では、どうすればいいのか。まず、予防に目を向けることだ。運動、食事、社会的つながり、知的刺激 - これらは確実に効果がある。そして、もし診断を受けたら?「奇跡の薬」ではなく、家族との時間、尊厳ある生活、そして真実に基づいた選択を大切にすることだ—そして、これが、この本に書かれてあることの限界でもある。
最後に:医療産業複合体と情報戦争の現実
本書が暴露したアルツハイマー研究の大規模不正は、私にとって特別な意味を持つ。長年にわたってアルツハイマー病治療の調査研究に膨大な時間を投資し、実践的な対処法を構築してきた立場から言えば、「現行の認知症医療が信頼できないなら、どう対処すべきか」という問いは極めて重い。
詳細な治療戦略を本稿で展開することは適切ではないが、基本的な問題構造は明確である。アミロイド仮説をめぐる研究不正は、医療界全体に蔓延する構造的腐敗の一例に過ぎない。この認識は、あらゆる治療選択において医療権威への盲従を避け、常に批判的検証を怠らない姿勢の必要性を示している。
重要なのは、この腐敗構造を理解することで、多くの治療選択肢について「近似解」を発見できるという事実である。しかも、これらの解決策の多くは経済的に入手可能であり、実行の困難さは技術的なものではない。
具体例を挙げよう。mRNAワクチンの拒否は困難だっただろうか?確かに社会的圧力や職場での強制など、困難な状況に直面した人も多い。しかし、それは3時間以内でフルマラソンを完走するような身体的不可能さとは本質的に異なる。

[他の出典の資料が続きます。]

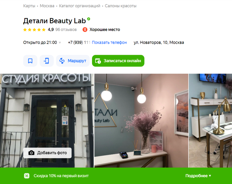 Так выглядит профиль студии «Детали Beauty Lab» у метро «Новаторская» в Яндекс Картах. Анастасия подключила Рекламную подписку и заполнила в нём раздел «Акции» — после этого в профиле сразу появилось спецпредложение для новых клиентов

イベルメクチンの入手は困難だっただろうか?「個人輸入への不安」「副作用への懸念」を抱く人もいるだろう。だが、それは1000万円の薬剤を購入するような経済的不可能さではない。
これらの事例に共通するのは、実行そのものの困難さではなく、情報戦争の渦中で正確な情報を選別し、自律的判断を下す能力の問題である。膨大な偽情報と検閲に囲まれた環境で、真実に近い選択肢を見極め、自己決定権を行使する知的戦闘能力こそが問われている。
本書は、私たちが30年以上前から激烈な情報戦争の最前線に立たされているという現実を浮き彫りにしている。医療産業複合体と検閲産業複合体が結託した権力構造の中で、個人の生命と健康を守る戦いは、まさに認識論的・実存的な挑戦なのである。